Pendant qu’il se défendait contre des accusations à caractère politique à La Haye, les États-Unis et leurs alliés ont lancé leur brutale agression illégale contre l’Irak, une guerre qui a fait près d’un million de morts. L’an dernier, un rapport de Body Count a révélé qu’au moins 1,3 million de personnes avaient perdu la vie du fait de la « guerre contre le terrorisme » menée par les Etats-Unis en Irak, en Afghanistan et au Pakistan.

Ces chiffres nous aident à remettre le Kosovo en perspective. Même si on pense que Milosevic et le gouvernement yougoslave étaient responsables d’une partie des morts là-bas, en 1999, (dans une guerre que l’Occident avait clairement voulue et provoquée), il n’y a aucune, mais alors aucune comparaison possible avec la mort et la destruction causées par les pays qui ont été les plus déterminés à mettre le président de Yougoslavie dans le box des accusés. Comme John Pilger l’a noté en 2008, le bombardement de la Yougoslavie a été un « véritable avant-goût des bains de sang d’Afghanistan et d’Irak. »

Depuis, nous avons également eu la destruction par l’OTAN de la Libye, le pays qui avait le niveau de vie les plus élevés de toute l’Afrique, et le soutien de violents « rebelles » pour obtenir un « changement de régime » en Syrie.

Il ne faut pas être Sherlock Holmes pour voir se dessiner ici un schéma répétitif.

Avant de lancer une guerre ou une « intervention humanitaire » contre un État donné, les Etats-Unis accusent son leader et son gouvernement de toutes sortes de choses épouvantables. Ces accusations sont relayées par les médias qui les répètent ad nauseam, pour qu’à force les gens se mettent à les croire.

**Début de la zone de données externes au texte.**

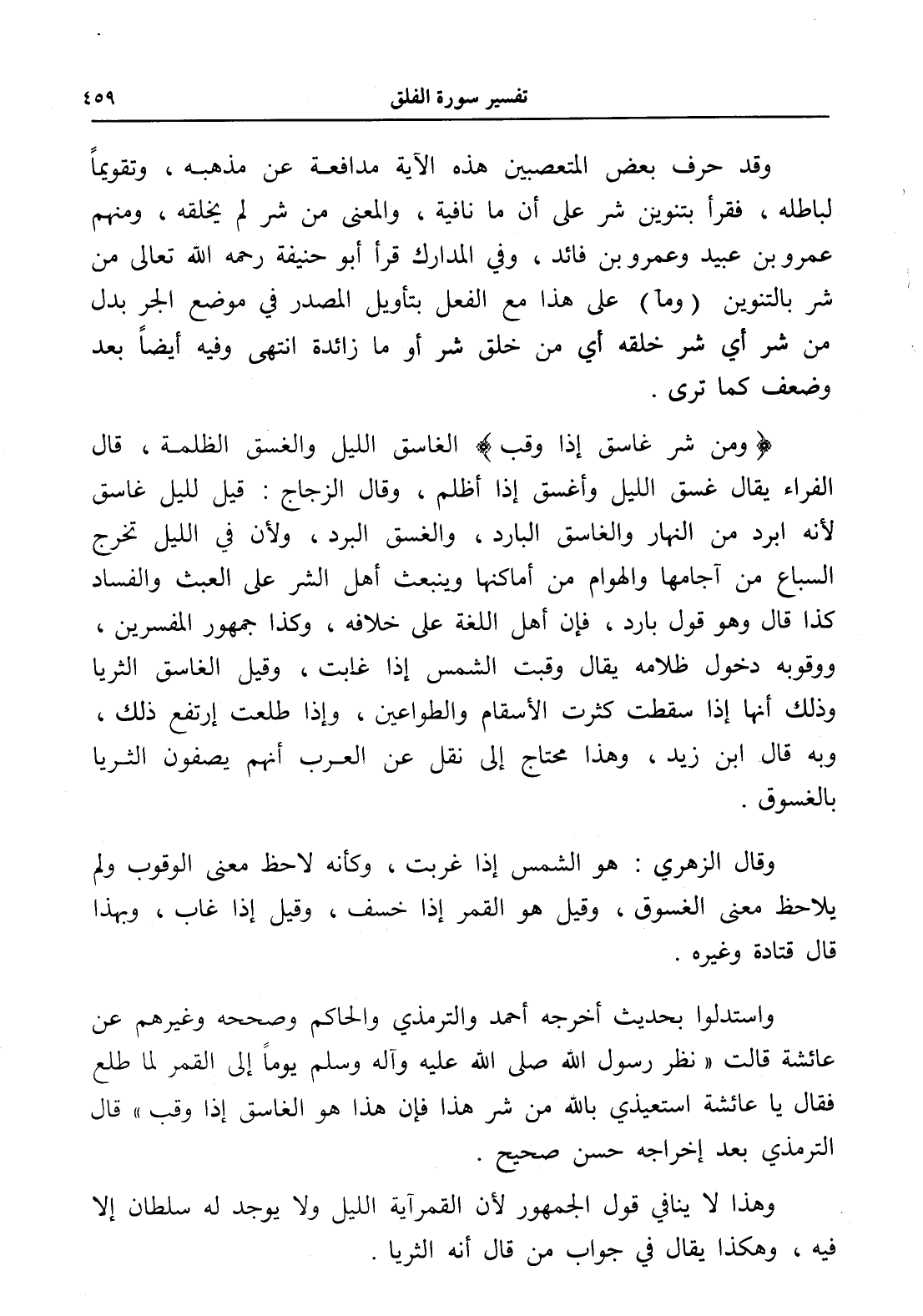 (ومن شر غاسق إذا وقب) الغاسق الليل والغسق الظلمة، قال الفراء يقال غسق الليل وأغسق إذا أظلم، وقال الزجاج: قيل لليل غاسق لأنه أبرد من النهار والغاسق البارد، والغسق البرد، ولأن في الليل تخرج السباع من آجامها والهوام من أماكنها وينبعث أهل الشر على العبث والفساد كذا قال وهو قول بارد، فإن أهل اللغة على خلافه، وكذا جمهور المفسرين، ووقوبه دخول ظلامه يقال وقبت الشمس إذا غابت، وقيل الغاسق الثريا وذلك أنها إذا سقطت كثرت الأسقام والطواعين، وإذا طلعت إرتفع ذلك، وبه قال ابن زيد، وهذا محتاج إلى نقل عن العرب أنهم يصفون الثريا بالغسوق.
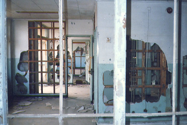 建物内部はこの通り、惨憺たるありさま。同様に米軍基地跡である立川基地(後述)はまだ使える古い建物が残っていたため、その屋内に警備事務所が設置されていたのですが、関東村は全建造物がこのように窓もなく風雨に耐えられない状態だったので、プレファブ事務所設置となりました。電気と電話だけが通じ、水道は敷地内にないため、隊員が各自家からタンクで水を持ち込みました。冬はとてつもなく寒く、夏は恐ろしく暑いその事務所に、警備犬ビコと警備隊員2名は交替で寝泊まりしていたのです。冬はよく風邪をひいたなあ。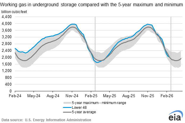 Working gas in storage was 2,018 Bcf as of Friday, February 20, 2026, according to EIA estimates. This represents a net decrease of 52 Bcf from the previous week. Stocks were 141 Bcf higher than last year at this time and 7 Bcf below the five-year average of 2,025 Bcf. At 2,018 Bcf, total working gas is within the five-year historical range.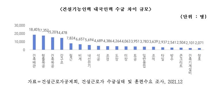 보고서에 따르면 내국 인력 공급은 전 직종에 걸쳐 공급 부족이 예상되고, 특히 건축배관, 형틀목공, 건축목공, 강구조 등의 직종에서 부족 규모가 큰 것으로 나타났다.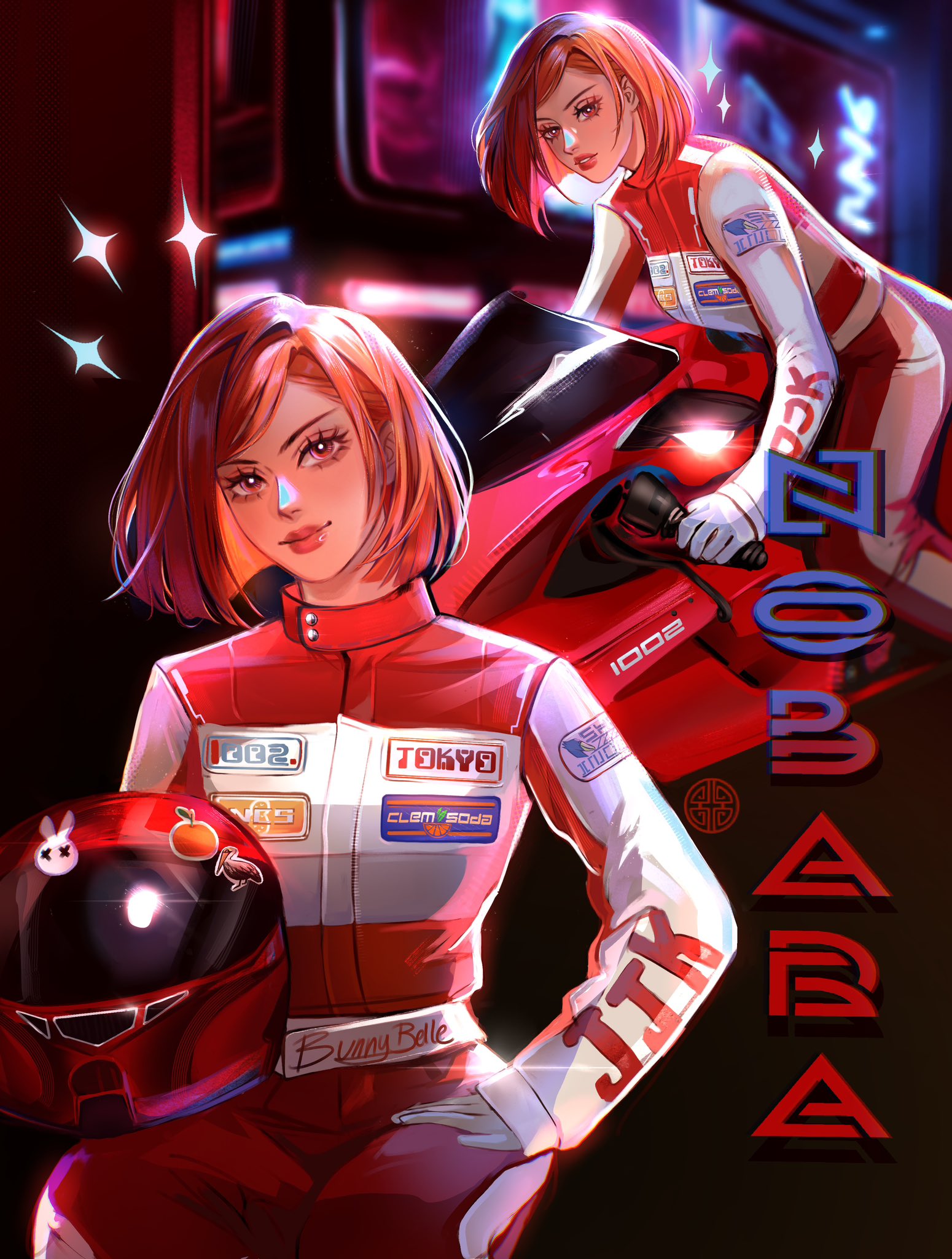 1girl bob_cut bodysuit bunnybelle22 character_name commentary english_commentary eyelashes gloves helmet highres holding holding_unworn_helmet jujutsu_kaisen kugisaki_nobara looking_at_viewer multiple_views orange_hair smile solo sparkle swept_bangs unworn_helmet white_gloves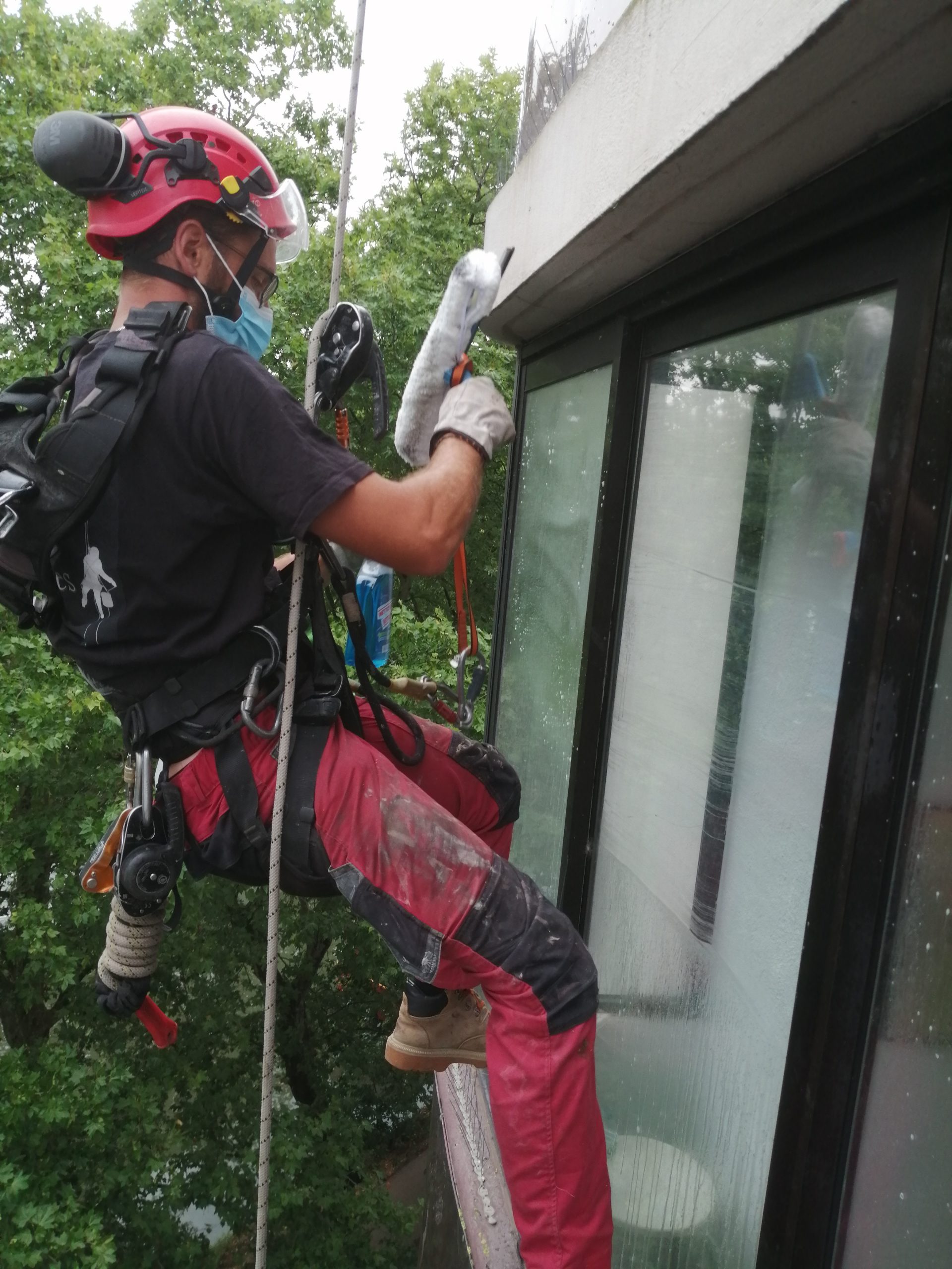 Ainsi, sur ses cordes, en toute sécurité il intervient aussi bien chez les particuliers, les copropriétés, les sites industriels, les collectivités publiques territoriales.

Plus tard, il apparaît que les accusations étaient soit entièrement fausses (comme celles des armes de destruction massive en Irak), soit non corroborées, soit fort exagérées. Mais les médias sont passés à autre chose : révéler aux lecteurs la fausseté des accusations portées contre « l’Hitler » précédent ne les intéresse plus, ils sont tout entier occupés à vilipender le « nouvel Hitler », tout aussi « agressif et génocidaire » que le précédent. En 1999, c’était Milosevic ; maintenant c’est Assad et Poutine.

Et vous l’avez deviné, cher lecteur, ce sont, bien sûr, les personnes qui défendent la guerre en Irak et les autres interventions militaires occidentales sanglantes basées sur des mensonges, des affirmations non corroborées ou de fortes exagérations, qui se répandent en accusations tous azimut la fois d’après, exactement les mêmes personnes.

Comme le dit ce vieil adage plein de sagesse : Quand vous montrez quelqu’un du doigt, trois doigts se retournent vers vous*.